Document Type

Article

Publication Date

2002

Publication Citation

39 Houston Law Review 727 (2002)

Abstract

This Article offers a critical reassessment of U.S. approaches to intellectual property protection for plant innovation. Three developments make this reassessment timely. First, the Supreme Court has finally confirmed that utility patent claims to plants and seeds satisfy the 35 U.S.C. Section 101 subject matter eligibility requirement. Plant innovation in the United States is now subject to utility patent protection, as well as concurrent protection under the Plant Variety Protection Act (PVPA). However, little work has been done to explain the role of PVPA protection in a system of concurrent protection, or to develop a coherent policy vision within which the utility patent and PVP systems might operate. Second, technological advancements, particularly in plant biotechnology, are making clear the value of germplasm. U.S. patent and PVPA regimes must be optimized to encourage private sector investment in germplasm development while retaining reasonable access to germplasm to accommodate farming practices and public sector activities. Third, intellectual property protection for plant innovation is a key international intellectual property issue. The TRIPS Agreement expressly allows World Trade Organization (WTO) countries the option of adopting sui generis plant variety protection systems as an alternative to - or in combination with - utility patent protection for plant innovation.

This Article focuses on one facet of the reassessment project: the role of plant variety protection in the U.S. intellectual property system. We first assess U.S. plant variety protection from an historical and comparative perspective, analyzing the emergence of the concept of "breeders' rights" in Europe and its eventual appearance in the United States. We then delineate the "essential traits" of the modern PVPA and note its points of divergence from a patent-like model. Next, we conduct an empirical analysis of the modern PVPA in which we present the results of statistical PVP data and anecdotal studies of PVPA acquisition, licensing, and enforcement activity for corn and soybean crops.

We draw a number of conclusions from these studies. First, the history of plant variety protection regimes in the United States and abroad reveals that the role of plant variety protection in the overall intellectual property scheme has mutated greatly without any fundamental changes to the general statutory approach to plant variety protection. Whereas plant variety protection was initially designed as the primary (or even exclusive) form of intellectual property protection for seed-grown plants, the coming of plant biotechnology, and the dawning acceptance of utility patents for plants, has relegated plant variety protection to a secondary role. Modest statutory amendments to the PVPA have shown no real promise of lifting the PVPA up from this secondary status. Second, our empirical assessment of licensing and enforcement activities concerning U.S. plant variety protection certificates confirms that the PVPA regime as presently constituted plays only a marginal role in stimulating plant breeding research in the United States.
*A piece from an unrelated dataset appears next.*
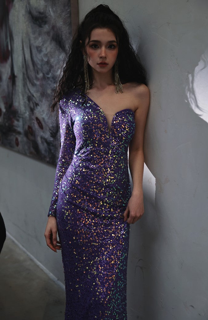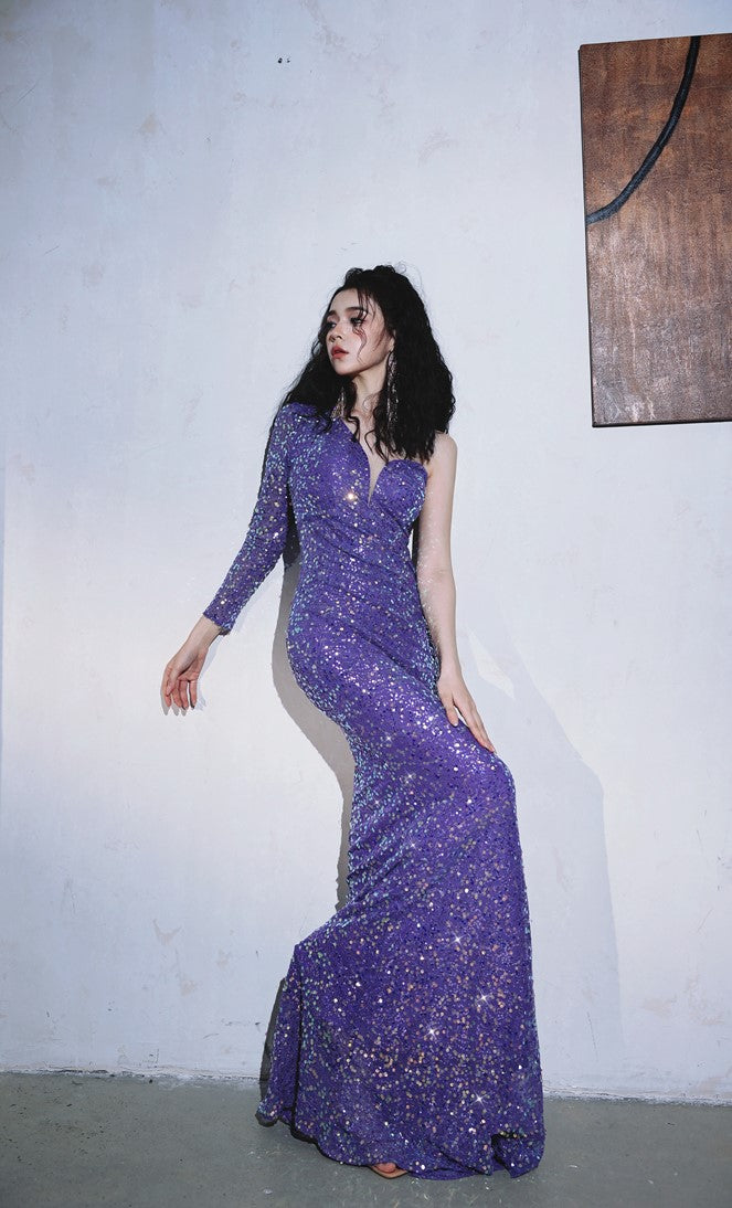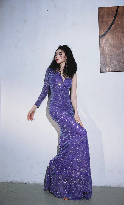 DOLLY Luxury Purple Sequin One Sleeve Off Shoulder Long Fish Tail Banquet Dress-AGNES

Our assessment strongly suggests that the PVPA does not provide patent-like ex ante innovation and investment incentives and that the PVPA has not generated substantial ex post licensing and enforcement activity. Instead, its role in the United States appears to be very modest: it may serve as a marketing tool; it may provide some non-propagation licensing rights akin to contractual shrink-wrap rights, enforceable against those who deal in "saved" seeds; and it may provide a superior alternative to trade secret protection - for example, for seeds whose secret parent lines might otherwise be revealed through reverse engineering. Third, the insights from this paper have implications beyond the area of plant intellectual property rights. For example, we intend to adapt our analysis to analyze the effectiveness of other sui generis, technology-specific, legislatively created intellectual property rights, such as the Semiconductor Chip Protection Act. We then intend to formulate broader conclusions about the effectiveness of "small" and porous, technology-specific intellectual property rights regimes.